Abstract

To present our experience of paediatric blepharoptosis in a tertiary referral centre and evaluate the effectiveness of surgical intervention. A retrospective cohort study of all children receiving surgical blepharoptosis correction between 1/1/10 and 29/2/16. Children with pre-operative levator function (LF) ≥ 7mm received levator resection, those with LF ≤ 4mm received brow suspension, and in those children with LF of 5-6mm, either levator resection or brow suspension was chosen depending on the degree of frontalis recruitment. Ninety-five children (109 eyes, 64 boys) underwent blepharoptosis surgery within the study period. Mean (range) age at surgery was 5.9 (1.2-12.5)years. Seventy-nine (83.2%) had simple levator maldevelopment.

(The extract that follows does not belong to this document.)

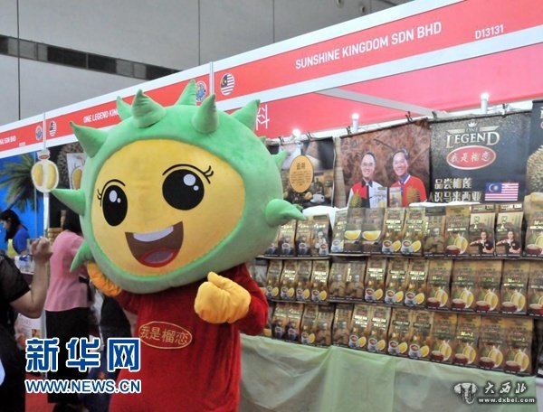 9月13日,在广西南宁国际会展中心,马来西亚展区前,客商打扮成“榴莲娃娃”吸引顾客。新华网发 张茵摄
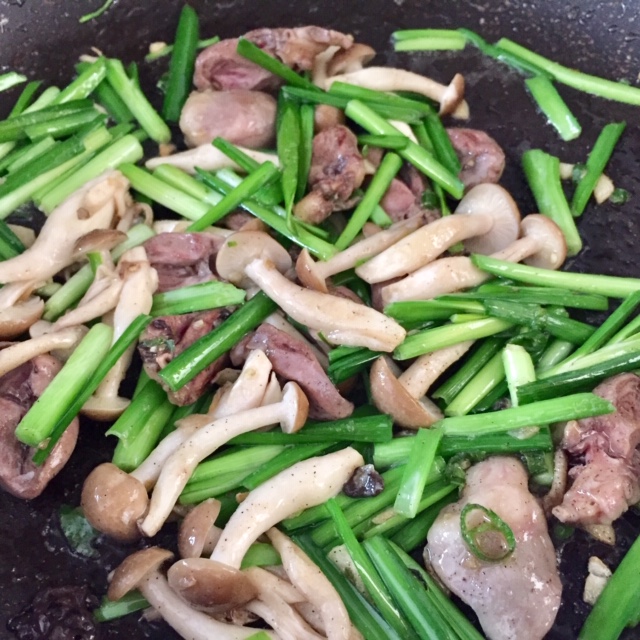 鶏の心臓とニラの炒めもの。(レバニラのパクリ) ハツはさっぱりしてるのでスーパ...

Fifteen children were excluded due to inadequate follow-up. Of the remaining 80 children, 41 (51.2%) underwent levator resection, 27 (33.8%) underwent fascia lata brow suspension, and twelve (15.0%) underwent mersilene mesh brow suspension. Margin reflex distance-1 was greatest at 6-week follow-up with a small "lid drop" by 6-month follow-up in both the levator resection (0.9mm pre-operatively, 3.1mm at 6-week follow-up, 2.6mm at 6-month follow-up) and fascia lata brow suspension (0.3mm, 2.5mm, 2.2mm) groups. No immediate complications, and only two serious post-operative complications, were noted. One case of residual blepharoptosis was re-operated (fascia lata brow suspension). Surgical correction of paediatric blepharoptosis is safe and, after an observed lid drop between 6-week and 6-month follow-up (not seen in the mersilene mesh brow suspension group), effect appears to be maintained to 6months and beyond. Readily accessible orthoptic assessment would help identify children at risk of amblyopia, both pre-operatively and post-operatively.